## PROBLEM STATEMENT
Output nothing except the lines from the one containing "The group making" through the final line of the data, both included, typed exactly, minus the pictures.

## EXTRACTED RECORDS

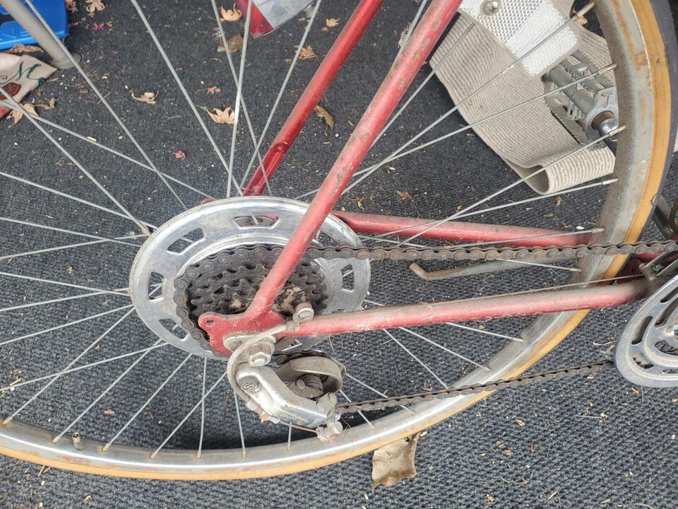 Paint is chipping, and some rust on the surface. Needs some TLC from the right owner. Do not know much about bikes, so please send any pertinent questions I should list out here my way if you are interested. It is a 10 speed. See chains to confirm.
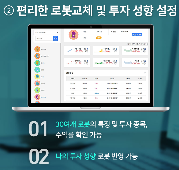 주식 자동매매 프로그램 “바른이”는 유전적 알고리즘(GA Genetic Algoritnm)을 통해 로봇과 로봇끼리 상호 통신을 하여 서로의 장점만을 가진 로봇이 무한대로 생성되고 어떤 시장상황에서도 유동적인 대처가 가능한 강력한 수익형 로봇이라고 하네요.바른이 주식 자동매매 프로그램은 모든 로봇의 수익률및 거래 내역이 공개되고 클릭 한 번으로 40여 개의 로봇 중 자신이 원하는 로봇으로 교체가 가능해요. 마치 애널리스트겸 주식 브로커리지 서비스까지 함께 해주는거죠.
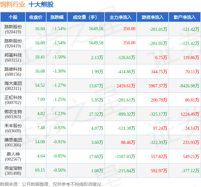 个股表现方面,饲料行业当日领跌股为路斯股份(920419),该股当日报收16.6,下跌1.54%,成交量5650.0,主力资金净流入0.04万元。路斯股份(920419)以下跌1.54%紧随其后,该股当日成交量5650.0,主力资金净流入0.04万元。除此之外,邦基科技(603151)、路德科技(688156)、海大集团(002311)均进入当日熊股之列。具体个股列表见下表:
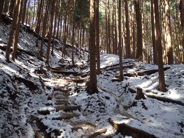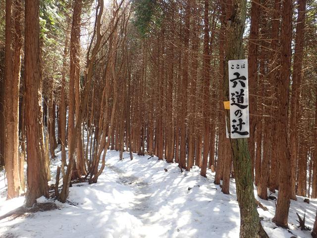 六道ノ辻から山頂までは本格的に雪が積もっていて、アイゼンなしでは歩行が困難なくらいでした。
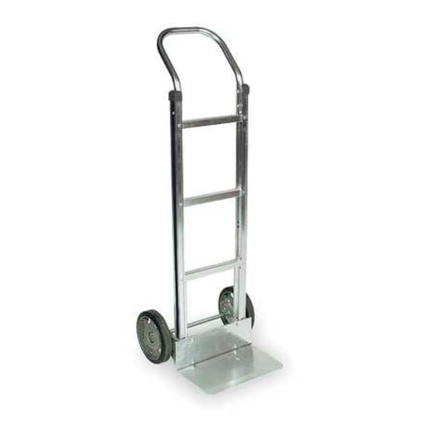 General Purpose Hand Truck, Load Capacity 500 lb, Overall Depth 19 1/2 in, Overall Height 48 in, Overall Width 18 in, Nose Plate Depth 8 1/2 in, Nose Plate Width 14 in, Nose Plate Type Solid Straight, Without Wheel Fenders, Frame Finish Anodizing, Frame Type Flat Back, Handle Type Continuous Frame Flow-Back, Axle-Mounted Wheel Dia. 8 in, Axle-Mounted Wheel Type Tread on Core, Includes Foot Assist Without Foot Assist, Includes Lever Pushoff Without Lever Pushoff
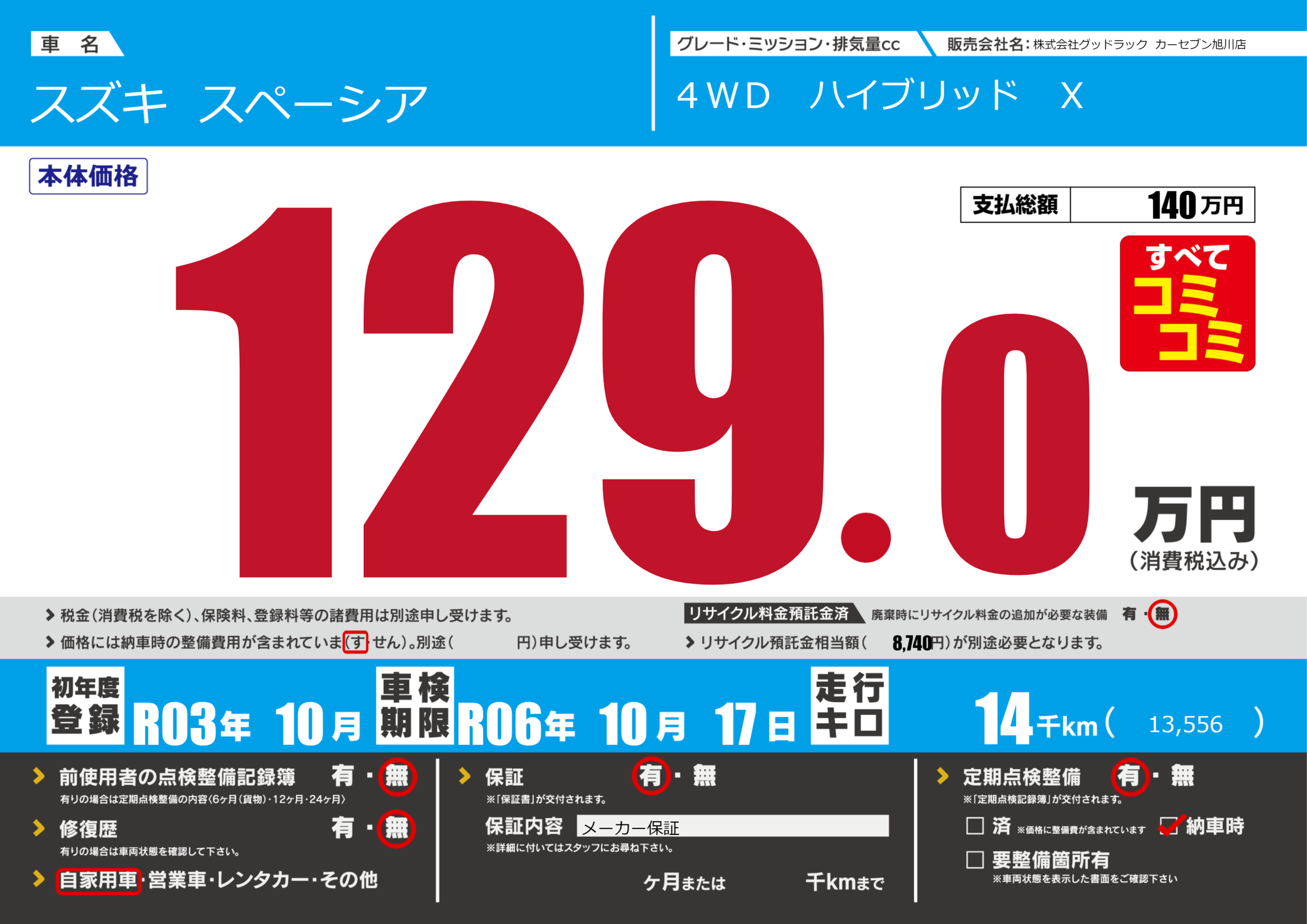 | 走行キロ | 1.4万km | 初年度登録 | R03年10月 |
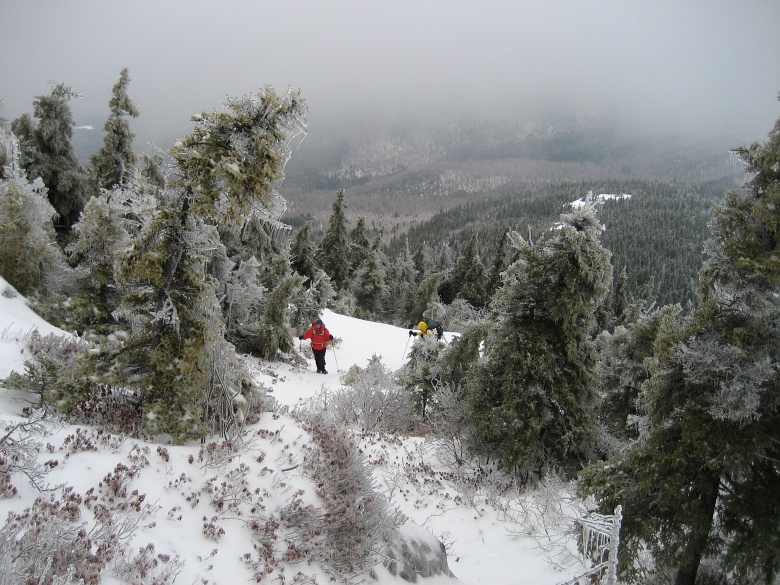The group making our way up. Snow was much deeper after the first open ledge, showshoes may be helpful but we managed without. Trail finding became increasing hard due to both the lack of trail markings and snowdrift obscuring the trail. | |
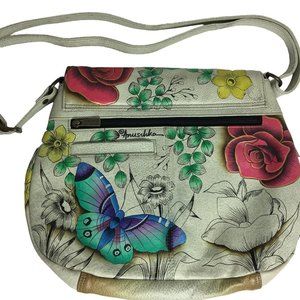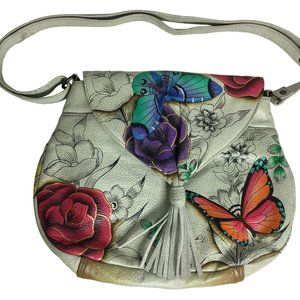 Anuschka Handpainted Leather Medium Shoulder Bag Tassel Flap Floral Butterfly
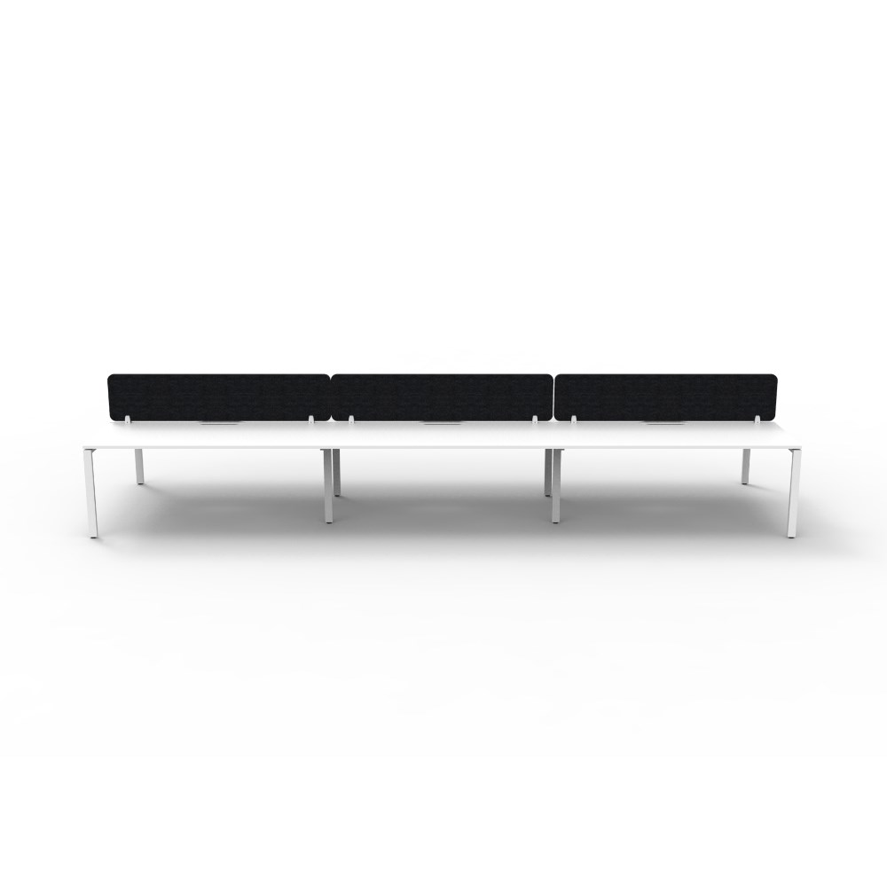 6 person double sided workstation with White top and White Satin frame, Black Eco screen.

## EXPECTED ANSWER
The group making our way up. Snow was much deeper after the first open ledge, showshoes may be helpful but we managed without. Trail finding became increasing hard due to both the lack of trail markings and snowdrift obscuring the trail. | |
 Anuschka Handpainted Leather Medium Shoulder Bag Tassel Flap Floral Butterfly
 6 person double sided workstation with White top and White Satin frame, Black Eco screen.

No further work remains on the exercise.